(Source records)
____________

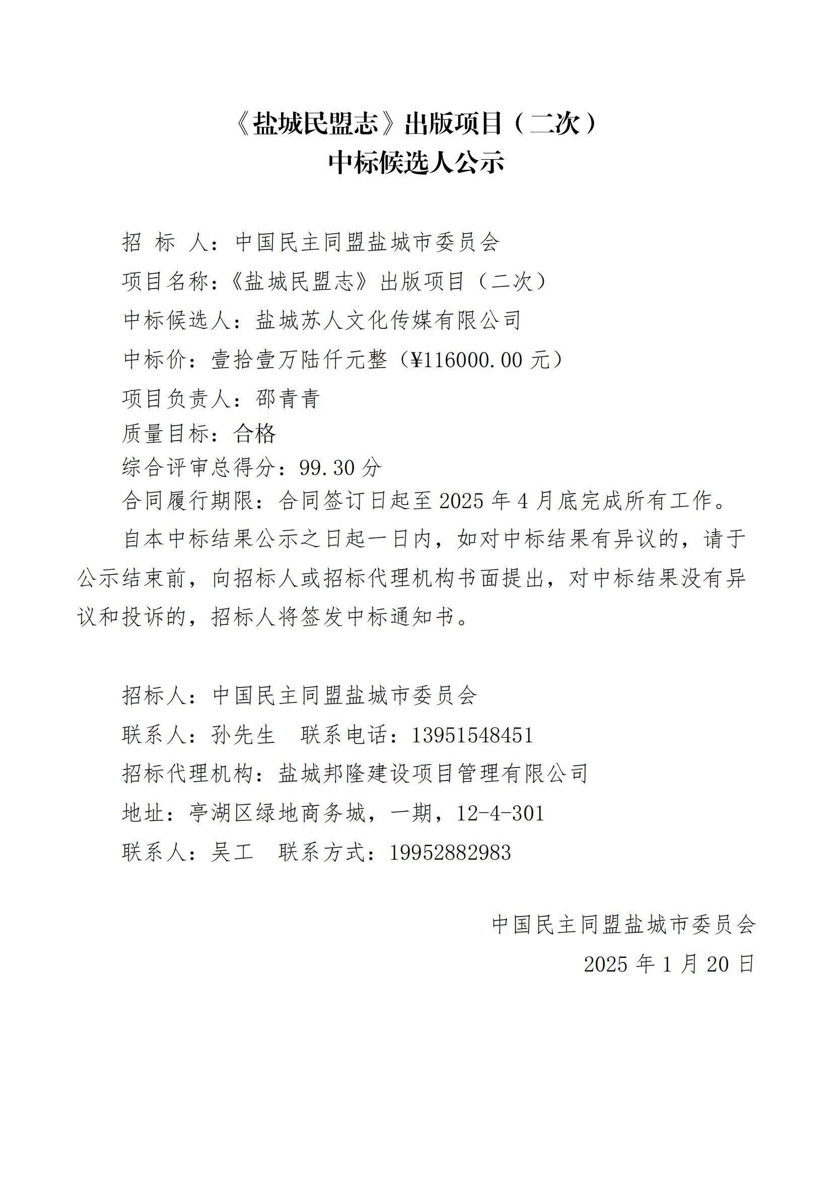 《盐城民盟志》出版项目(二次)中标候选人公示
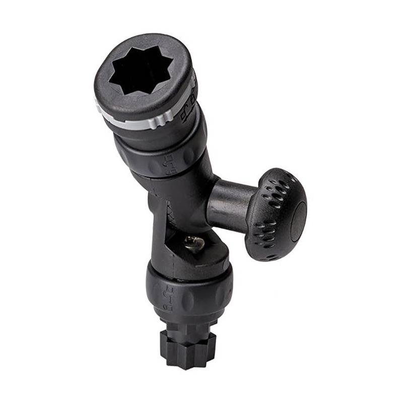 mit 2 r-lock-Verriegelungssystemen, an der Basis und am oberen Ende. der zentrale Drehknopf ist in Rastschritten von jeweils 15° verstellbar, die verstellbare Verlängerung bietet große Anpassungsfähigkeit. gekoppelt mit einem der Zubehörteile aus der railblaza-Reihe hilft er Ihnen, eine Taschenlampe, einen Echolot und viele andere Dinge zu befestigen.
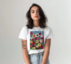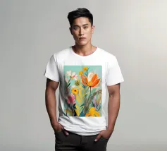 Questa illustrazione floreale dai toni caldi irradia la freschezza della primavera e l'arrivo di giornate più calde. Ispirata ai fiori di campo, offre un'atmosfera allegra e vivace, con toni morbidi di rosso, arancio e giallo, che ricordano il primo risveglio della natura.
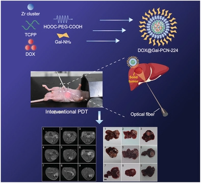 本项研究中,尹健团队将卟啉金属框架材料包封化疗药物阿霉素后,首次在材料表面修饰靶向分子半乳糖,利用半乳糖分子和肝癌细胞表面高表达的去唾液酸糖蛋白受体(ASGPR特异性的结合作用,将光敏剂卟啉和化疗药物阿霉素定向输送到病灶部位,起到靶向光动力学治疗和化疗协同治疗的效果。但是,由于光动力学治疗使用的光源组织穿透能力有限,光动力学治疗一般开发用于治疗浅表皮肿瘤,而不适用于深部肿瘤。针对上述问题,尹健团队首次发展了介入光动力学治疗,即在微创手术中利用光纤将光源引入到模型小鼠体内原位肝细胞癌表面,对深部肿瘤起到了显著的治疗作用,拓展了光动力学用于深部肿瘤的治疗,为癌症治疗提供了新的思路和策略。
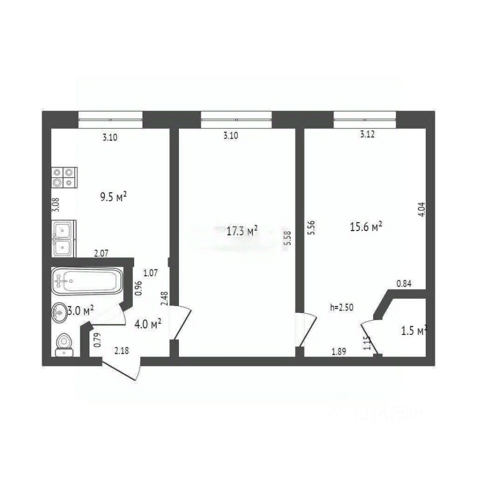 Квартира включает в себя просторную кухню площадью 9.5 кв.м., где вы сможете готовить вкусные блюда для своей семьи, а также две светлые комнаты размером 15.6 и 17.3 кв.м., которые легко трансформируются под ваши нужды будь то уютная спальня или стильный кабинет.
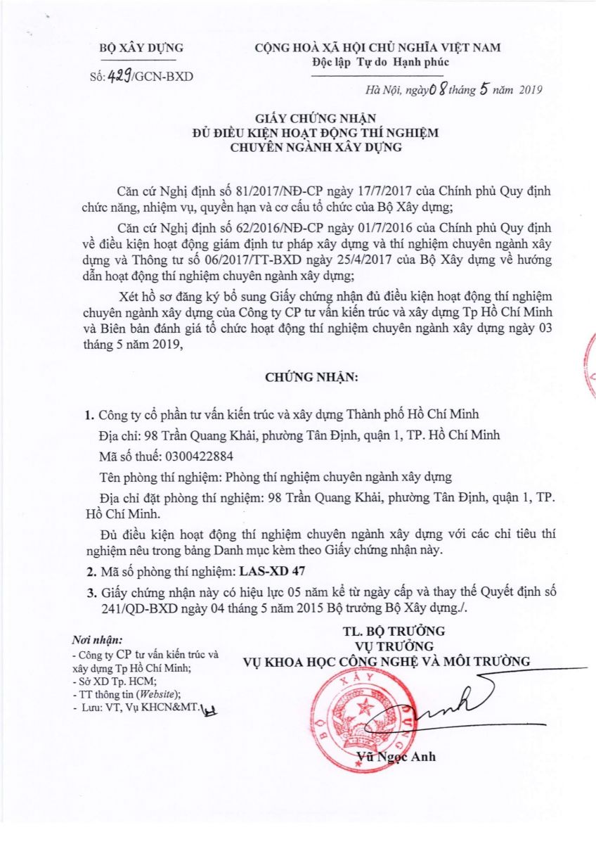 CÔNG TY CỔ PHẦN TƯ VẤN KIẾN TRÚC & XÂY DỰNG TP.HỒ CHÍ MINH
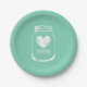 Mint green paper party plates with wedding monogram. Customizable colour and personalize name initial letters of bride and groom. Elegant typography in rustic country chic mason jar design. Cute romantic design with vintage heart icon. Faded weathered love symbol. Disposable plates for wedding, bridal shower, engagement, anniversary or bachelorette party. Customizable background colour. Perfect for outdoor barn wedding in summer around july, august, september.

____________

▶ **TASK DESCRIPTION**
Take the records above and transcribe them exactly, dropping every picture.

▶ **OUTPUT**
 《盐城民盟志》出版项目(二次)中标候选人公示
 mit 2 r-lock-Verriegelungssystemen, an der Basis und am oberen Ende. der zentrale Drehknopf ist in Rastschritten von jeweils 15° verstellbar, die verstellbare Verlängerung bietet große Anpassungsfähigkeit. gekoppelt mit einem der Zubehörteile aus der railblaza-Reihe hilft er Ihnen, eine Taschenlampe, einen Echolot und viele andere Dinge zu befestigen.
 Questa illustrazione floreale dai toni caldi irradia la freschezza della primavera e l'arrivo di giornate più calde. Ispirata ai fiori di campo, offre un'atmosfera allegra e vivace, con toni morbidi di rosso, arancio e giallo, che ricordano il primo risveglio della natura.
 本项研究中,尹健团队将卟啉金属框架材料包封化疗药物阿霉素后,首次在材料表面修饰靶向分子半乳糖,利用半乳糖分子和肝癌细胞表面高表达的去唾液酸糖蛋白受体(ASGPR特异性的结合作用,将光敏剂卟啉和化疗药物阿霉素定向输送到病灶部位,起到靶向光动力学治疗和化疗协同治疗的效果。但是,由于光动力学治疗使用的光源组织穿透能力有限,光动力学治疗一般开发用于治疗浅表皮肿瘤,而不适用于深部肿瘤。针对上述问题,尹健团队首次发展了介入光动力学治疗,即在微创手术中利用光纤将光源引入到模型小鼠体内原位肝细胞癌表面,对深部肿瘤起到了显著的治疗作用,拓展了光动力学用于深部肿瘤的治疗,为癌症治疗提供了新的思路和策略。
 Квартира включает в себя просторную кухню площадью 9.5 кв.м., где вы сможете готовить вкусные блюда для своей семьи, а также две светлые комнаты размером 15.6 и 17.3 кв.м., которые легко трансформируются под ваши нужды будь то уютная спальня или стильный кабинет.
 CÔNG TY CỔ PHẦN TƯ VẤN KIẾN TRÚC & XÂY DỰNG TP.HỒ CHÍ MINH
 Mint green paper party plates with wedding monogram. Customizable colour and personalize name initial letters of bride and groom. Elegant typography in rustic country chic mason jar design. Cute romantic design with vintage heart icon. Faded weathered love symbol. Disposable plates for wedding, bridal shower, engagement, anniversary or bachelorette party. Customizable background colour. Perfect for outdoor barn wedding in summer around july, august, september.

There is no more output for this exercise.